Оно сомнительно, конечно, чтоб П. В. Палиевский из этого исходил. Подлинное у него именно и только подлинное. То есть действительное, то есть истинное, другого он (критик) не знает и знать не желает. Как человек сведущий (не один год русской словесностью занимается), о линьках, разумеется, слыхал и вовсе не за линьки стоит, а уж чтоб из собственной его кожи вырезали, то наперед, осмелимся предположить, исключает, не для того она ему отпущена — кожа… Не за линьки стоит, а за народ. За неискоренимый, единственный. Здесь — единственный. А «там», за кордоном, свои единственные. И каждый раньше ли, позже ли, но линьки и иные напасти, из коих линьки еще не самые страшные, одолевает, отодвигает; однако не все сам, не всегда сам, и тут особая роль у тех, кто вчера линьками распоряжался, сегодня же, историей выученный, действует по возможности более цивилизованно. Ими-то, собственноручно ими или по заданию, по команде ихней, наши слабости и выжигаются! Больно, но для здоровья — народного — полезно. И на месте выжженного — цветение заново. По закону природы, как говорил все тот же неумирающий и неутомимый Порфирий Петрович…

В согласии, видно, они, Петр Васильевич с Порфирием Петровичем. А почему б и нет? Кто запрет на это согласие наложил? А может, в согласии этом и заложено то самое начало, которое и подлинное и истинное, тем, собственно, и отделяясь от разных интеллигентских забав и смут, от этого мельтешения зряшного, бросков из крайности в крайность — от чванства (мы-де готовы «построить все иначе, без «народных» иллюзий») к амикошонству самому что ни на есть вульгарному, в обнимку с любым бродягой… Историю же то отличает (и согласие упомянутое как раз на этом и держится), что она, история, не мельтешит, не чванится, не бродяжничает и даже когда раздирается надвое, полюсами сшибаясь, то не к пресловутой серединке идет, тоже гомункулюсами придуманной, исподтишка навязываемой, а к «центру» — устойчивому, непоколебимому.
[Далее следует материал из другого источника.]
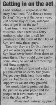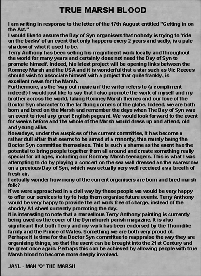 | The following is a letter sent to the Folkestone Herald by the Dr.Syn Society in response to one of the articles above .... Jayl - 'Man 'o' the Marsh' has responded accordingly ... See Below ... | ||||||||||||||||||

Слушай, читатель, хоть и из другой статьи, но того же автора излюбленные мысли, слушай и на ус мотай: «Эта «середина», которую никак нельзя путать с межеумочной,— основа. Она не середина, а центральное: и это центральное в шолоховском мире есть. Мощный ствол, соединяющий в целое, казалось бы, безнадежно распавшееся, восстанавливающий с помощью пробившегося вперед передового общий рост».

А ты, читатель, неужто не за общий рост? Или сомневаешься, что именно так история шла — от будто безнадежно распавшегося (подставляй, если хочешь: революцию, войну гражданскую, подставляй, но знай — ответственность на тебе…), от этого, казалось, навсегда разделившегося на станы, классы,— к возрождению: и не просто там единства, о котором каждый в любой газете напишет и прочтет, а к возрождению мощного ствола?! Мощный ствол сам себя восстановил, правда, опять-таки не вполне сам, а «с помощью» передового, какое как пробилось вперед, так с тех пор впереди и находится, вперед себя ставя тех, кто еще родней стволу (и этим выгодно отличается от изначальных передовых). Закон природы-с. Этим-то мир и держится, любой — человеческий. Булгаковский и шолоховский. Шолоховский и фолкнеровский***. Да и как иначе, не против же естества им, всем трем, идти, не против того, что вечное. Вечное, но не неподвижное. С непременным строгим движением, где компасом безотказным — народный характер. «Эта безмолвная сила, неуклонно разворачивающая свой план, производит самое странное и в то же время очень реальное впечатление. В каждом характере, изображенном им (Фолкнером.— М. Г.), она доказывает — как он выразился об одной из своих героинь — «безразличие природы к колоссальным ошибкам людей».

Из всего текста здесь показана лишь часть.